Note: The function print() does essentially what you’d expect it to do. It will be demonstrated later.

Documentation

There’s >3k pages reference manual (.pdf). Fortunately, it can be queried easily from the CLI: inline documentation for function is available via help(function) within a R prompt. This can be scripted:

$ echo "help(help)" | R -q --no-save < /dev/stdin | sed $'s/[^[:print:]\t]//g'
> help(help)
help                   package:utils                   R Documentation

_D_o_c_u_m_e_n_t_a_t_i_o_n

_D_e_s_c_r_i_p_t_i_o_n:

     ‘help’ is the primary interface to the help systems.

_U_s_a_g_e:

     help(topic, package = NULL, lib.loc = NULL,
          verbose = getOption("verbose"),
          try.all.packages = getOption("help.try.all.packages"),
          help_type = getOption("help_type"))

_A_r_g_u_m_e_n_t_s:

   topic: usually, a name or character string specifying the topic for
          which help is sought.  A character string (enclosed in
...

Or better, with Rscript:

% echo "help(help)" | Rscript /dev/stdin | sed $'s/[^[:print:]\t]//g'
...

Comments

# Note the single comment-form, as in sh(1).

# Multi-line comments are simply a sequence
# of single line comment.

Variables, strings, complex numbers

There are (at least) two different variables assignment operators, =, <- and ->. There are subtle differences; <- seems to be the most idiomatic.

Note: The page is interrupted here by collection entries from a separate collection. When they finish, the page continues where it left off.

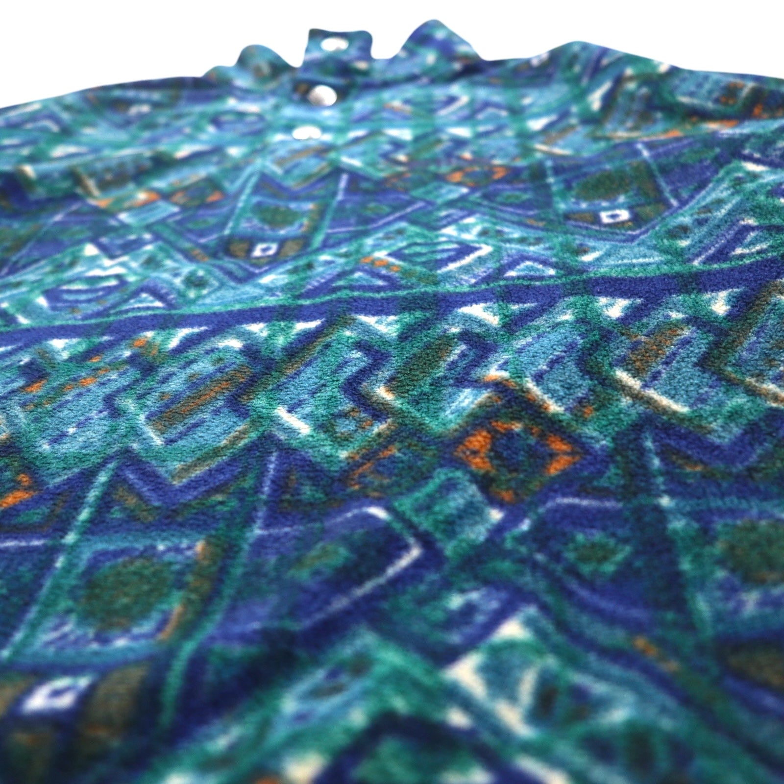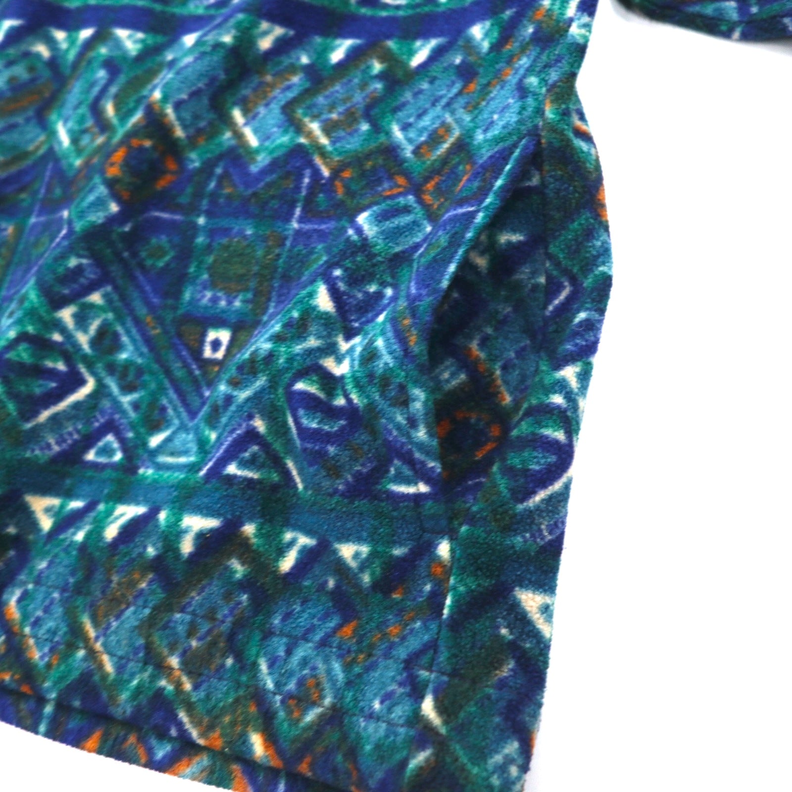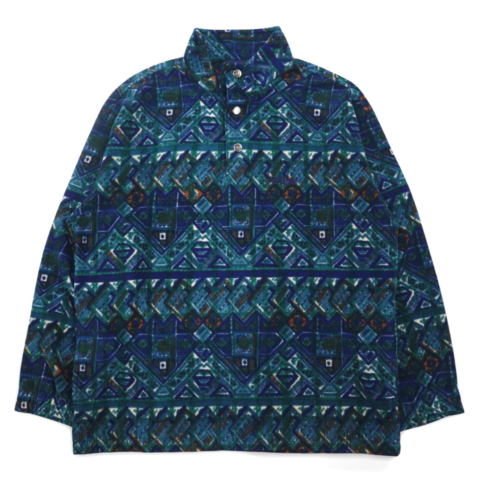 FILA イタリア製 90年代 総柄 ハーフボタン スナップT フリースジャケット XXL グリーン ブルー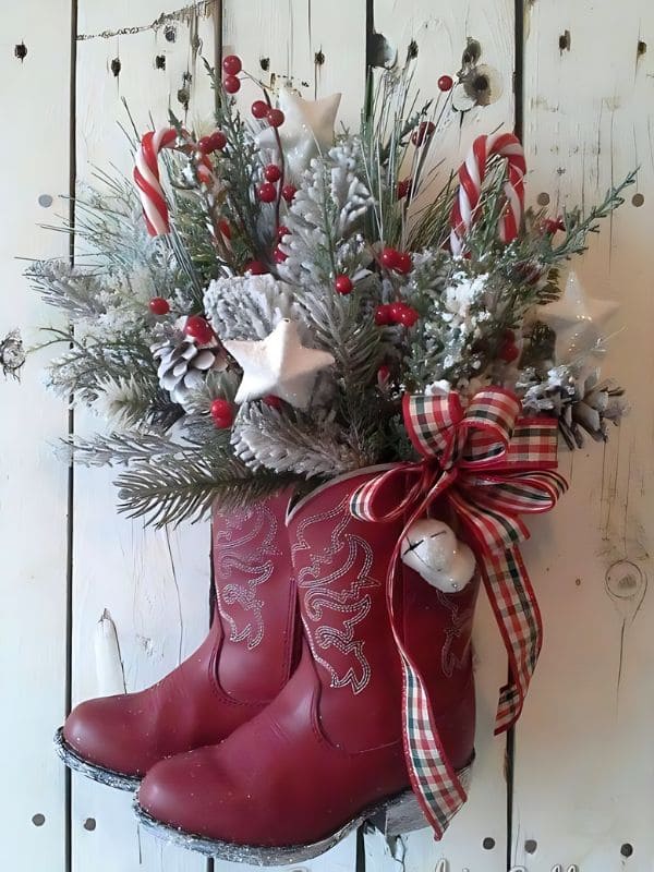 #1. Charming Recycled Cowboy Boot Christmas Wreath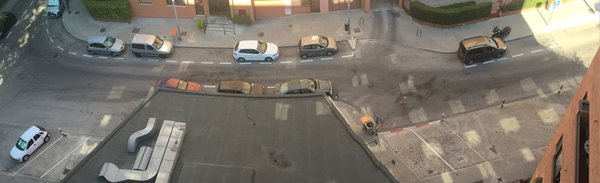 por el hueco que dejó, puede pasar por ahí perfectamente un camión de basura sin tener que hacer maniobra siquiera, creo que en la foto se ve perfectamente que se ensancha la carretera donde estoy aparcado y el espacio que dejó es incluso mayor que donde están los coches bien aparcados.

The four following assignments forms are equivalent; note how the last one could be convenient in a “meta-programming” setting; observe the various ways to access/print a variable’s value:

x <- 42
y = 42
42 -> z
assign("t", 42)

x
print(y)
cat(z, ",", t, "\n")

[1] 42
[1] 42
42 , 42

Strings can be represented either with simple or double quotes; single quotes are naturally escaped within a double-quoted strings, and vice-versa. Double-quoted strings are the “default”:

x <- "'hello'"
y = '"world"'

print(x)
print(y)

[1] "'hello'"
[1] "\"world\""

Let’s conclude this section with some elementary complex numbers manipulation, observe how an isolated i is interpreted as a variable:

1i
Im(2+6i)
Re(2+6i)
Mod(4i)
1+i

[[1] 0+1i
[1] 6
[1] 2
[1] 4
Error: object 'i' not found
Execution halted

Vectors, matrices

Assuming a linear memory model (say, C’s arrays), how should one go about representing matrices?

Well, it depends.

Conceptually, a list of lists would do. But there are other options. A common one is to equip a simple list with some dimensional meta-data, telling us where to break either columns or rows. For example [1 2 3 4 5 6] (this informal list notation with square brackets in not valid R) could be interpreted as a 2×3 matrix:

1 2 3
4 5 6

Or as following 3x2 matrix

1 2
3 4
5 6

You may think that a list of lists is “simpler”, but there are performance advantages to keeping it flat, especially as your “matrices” grow in size, or dimension (tensor).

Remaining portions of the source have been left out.